# Solved: Steam: How to recieve a gift?



## hoizard75 (May 28, 2008)

when i click on the link, it gives me this,









I don't want to waste my friend's money =[


----------



## Spandexer (Dec 1, 2004)

You did install the STEAM client first, yes? Did it install okay with no problems?


----------



## Courtneyc (Dec 7, 2003)

Install Steam on your system. You can get the program at http://store.steampowered.com/about/. It doesn't cost anything.

Create an account. When It asks for your email, use the same email account that you received the gift from.

Click on the bottom link in the email. It will have you log into your account. When you do, the gift will appear in "My Games" inside the Steam console. Your friend will also get a message back that you received the gift. (Note that, until you accept the gift, your friend can rescind the gift and give it to someone else.)

By the way, when you start Steam, and see the gift in My Games, right-click on it and select download. Then you will be able to play the game.

Courtney


----------



## hoizard75 (May 28, 2008)

ugh im not stupid, i already have steam.


----------



## DevilRat (Nov 8, 2006)

Is the email address you received the message on the same one your steam account is attached to?


----------



## hoizard75 (May 28, 2008)

indeed


----------



## DevilRat (Nov 8, 2006)

Then you should get a pop up message when you open up the steam console, telling you that you have a gift.

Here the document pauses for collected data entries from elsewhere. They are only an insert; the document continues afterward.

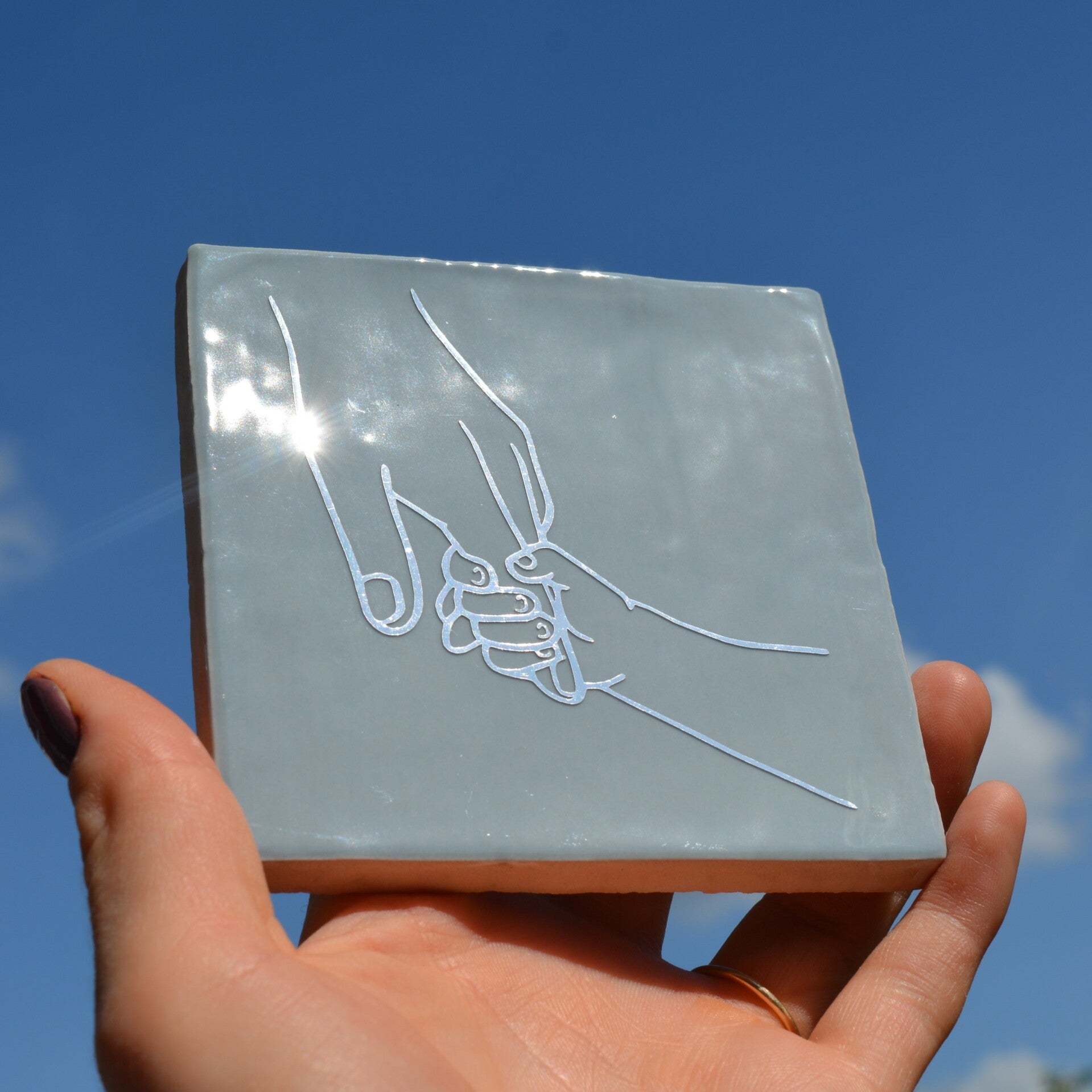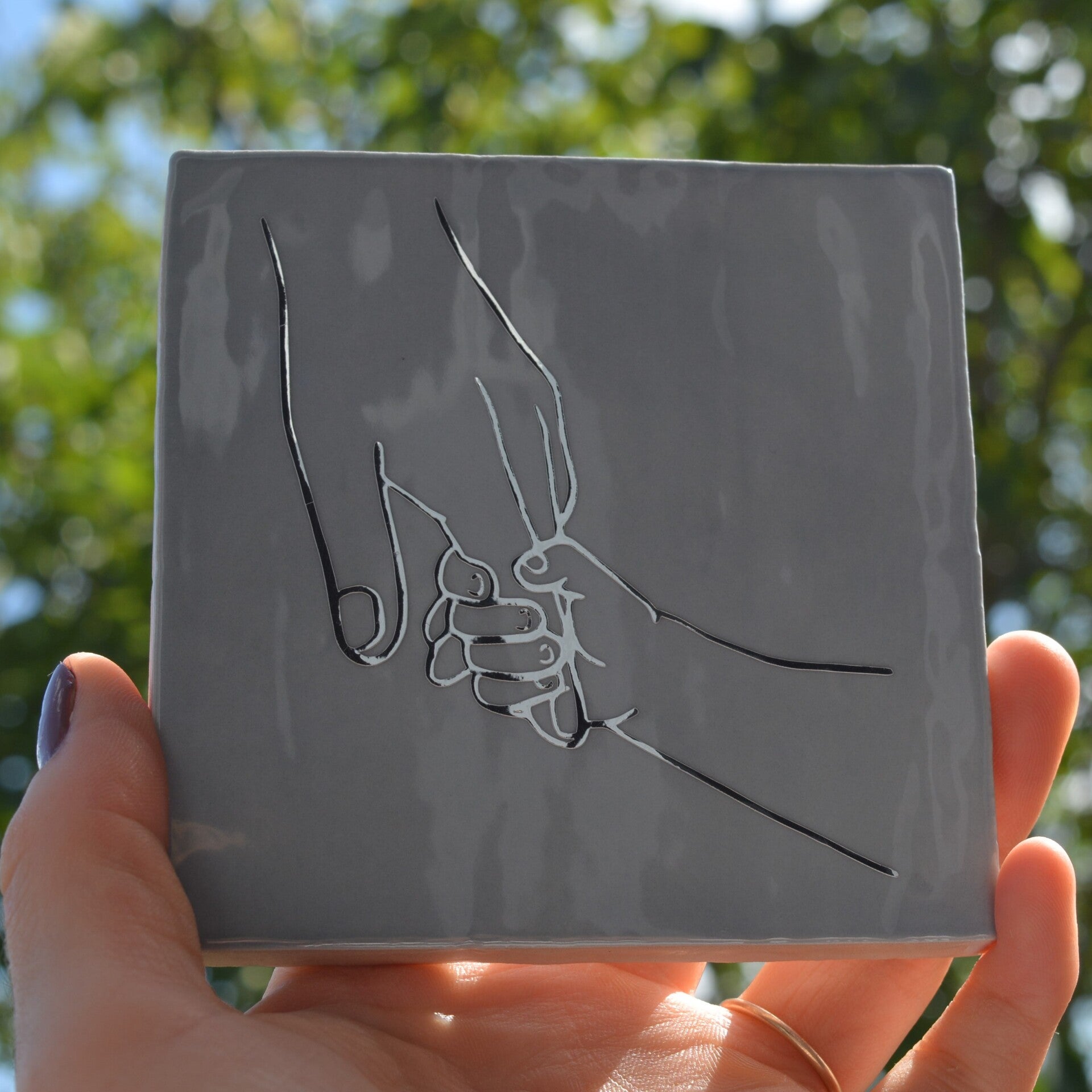 Dit tegeltje is perfect als cadeau bij de geboorte van een baby. Op de afbeelding zijn twee handen te zien: die van een ouder en die van een klein kind. Deze tegeltjes zijn een mooie toevoeging aan de kinderkamer of een eyecatcher tussen alle geboortekaartjes in de huiskamer. Bestel er een ezel-standaard bij zodat het tegeltje extra opvalt. Deze populaire print is in veel verschillende combinaties verkrijgbaar. Welke combinatie is jouw favoriet?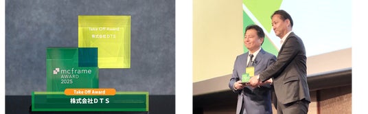 株式会社DTS(東京都中央区、代表取締役社長 北村 友朗)は、ビジネスエンジニアリング株式会社(東京都千代田区、代表取締役社長:羽田 雅一)が主催する「mcframe Award 2025」(2025年5月22日開催)で、「Take Off Award」を受賞しました。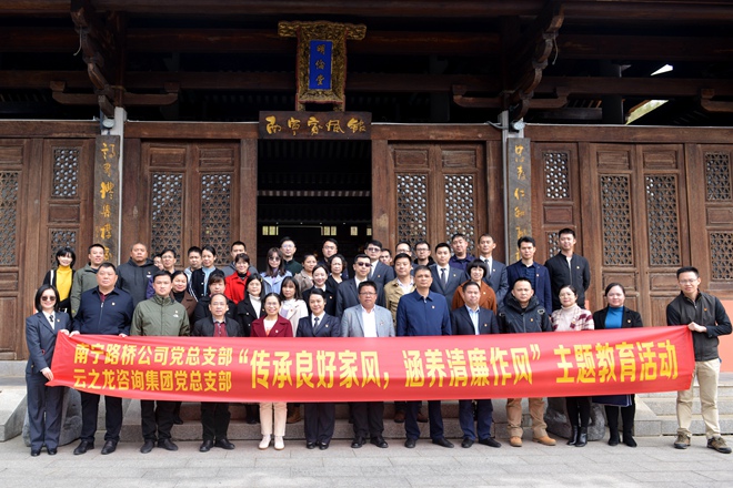 為深入學習貫徹習近平總書記關于注重家庭家教家風建設重要論述,進一步引導黨員同志正己風、嚴家風、樹清風,2021年11月24日,云之龍咨詢集團黨總支部與南寧路橋公司黨總支部黨員來到南寧孔廟家風館,共同開展“廉潔家風”主題黨日活動,讓黨員同志通過學習百年黨史和優秀家風文化,樹立起嚴以修身、清正廉潔的“齊家”風范。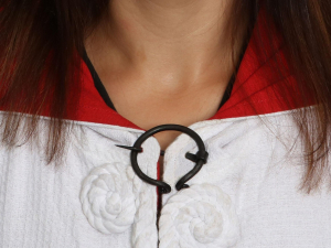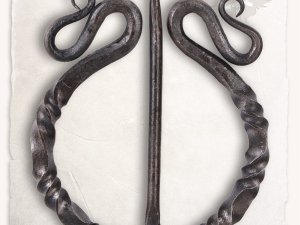 Une fibule robuste en fer forgé, parfaite pour attacher une cape très épaisse, une peau de bête sur les épaule… Deux tailles : grande (diamètre 8cm) ou petite (diamètre 6,50cm)
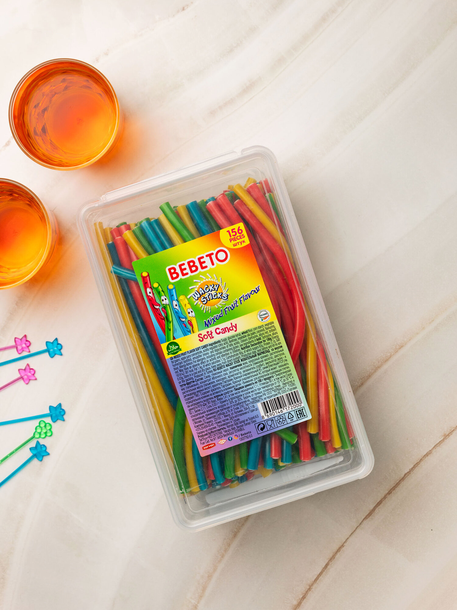 Мармелад жевательный BEBETO WACKY STICKS тутти-фрутти пластиковый контейнер 1326гр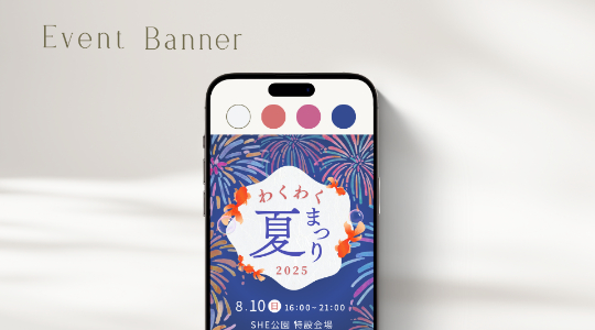 「家族みんなで」「参加費無料」など、参加意欲を高めるキーワードはタイトル周辺に集約し、視認性を高めることで、思わず「行きたい」と感じてもらえるよう工夫しています。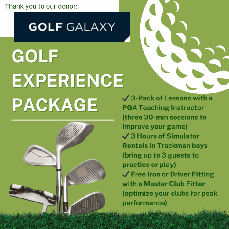 - Golf Experience Package: Lessons, simulator time, & club fitting (Value: $440 | Starting Bid: $25)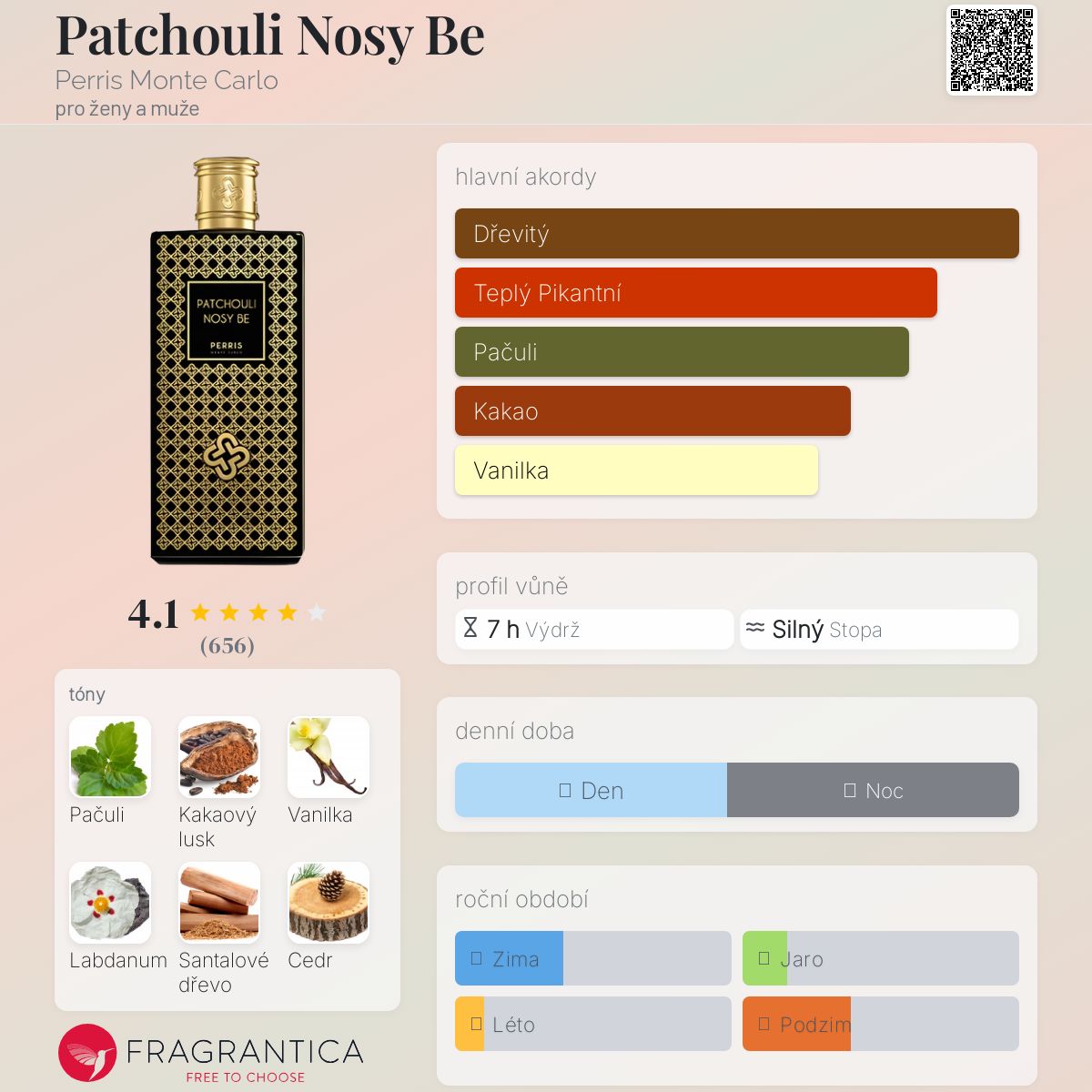 Patchouli Nosy Be podle Perris Monte Carlo je Woody Spicy vůně pro ženy a muže. Patchouli Nosy Be byl/a uveden/a v roce 2014. Vrchní tóny jsou Pačuli a Růžový pepř; střední tóny jsouKakao a Labdanum ; základní tóny jsou Pačuli, Vanilka, Santalové dřevo a Cedr.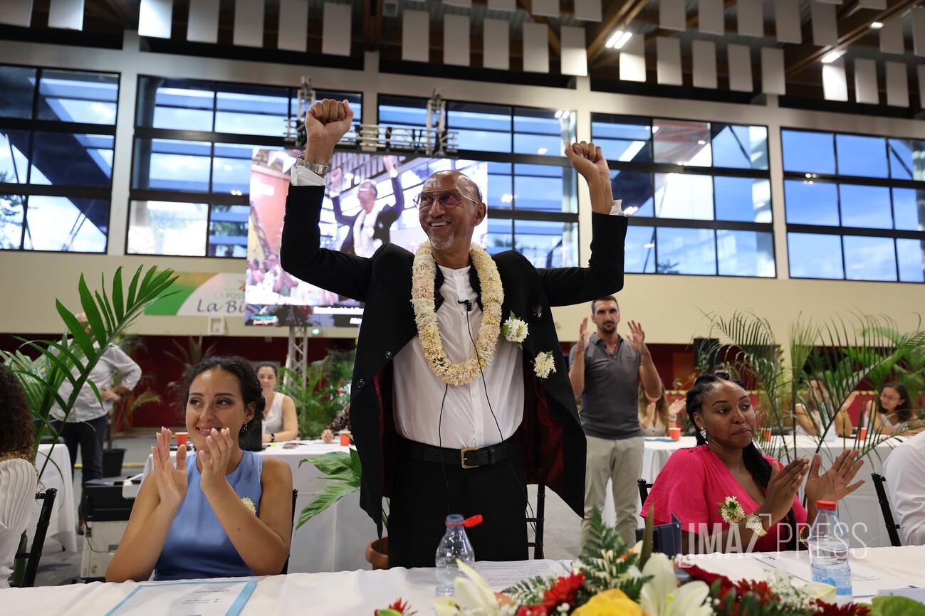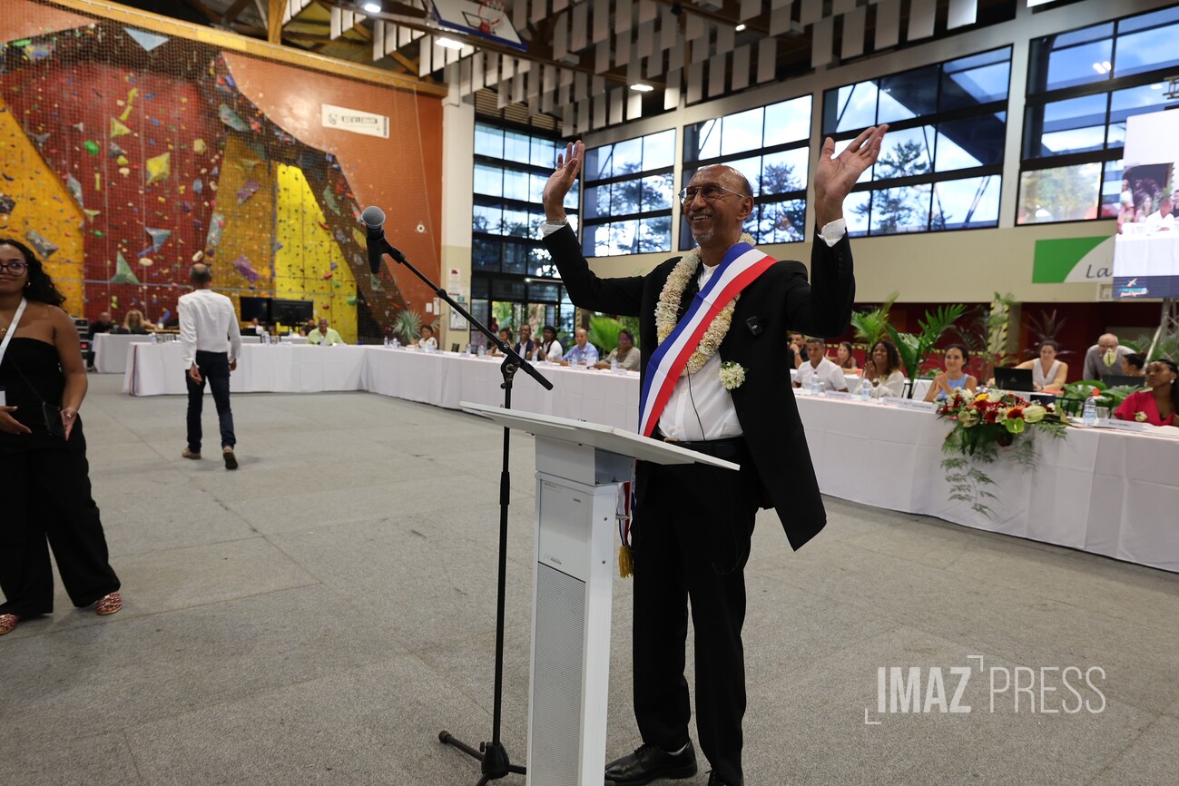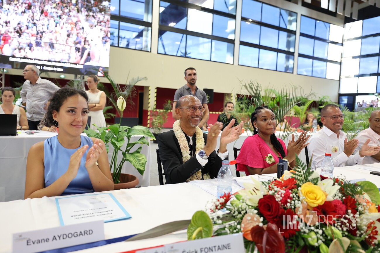 Les conseillers municipaux de La Possession nouvellement élus se sont rassemblés ce vendredi 27 mars 2026 dans le gymnase Daniel Narcisse, pour voter officiellement pour le nouveau maire. Sans surprise, Erick Fontaine a été élu à la tête de la mairie possessionnaise avec 31 voix, après avoir remporté le second tour face à Vanessa Miranville. (Photo Stephan Laï-Yu)

If you don't get the pop up, you can click on "games" at the top, not the My Games tab, and go to "manage gifts & guest passes." That should take you to your gift and let you activate it.


----------



## hoizard75 (May 28, 2008)

but i do not get a popup message, that is the problem. it wont activate online.


----------



## DevilRat (Nov 8, 2006)

Did you got to the "manage gifts & guest passes" section under "Games" at the top of the Steam console?


----------



## hoizard75 (May 28, 2008)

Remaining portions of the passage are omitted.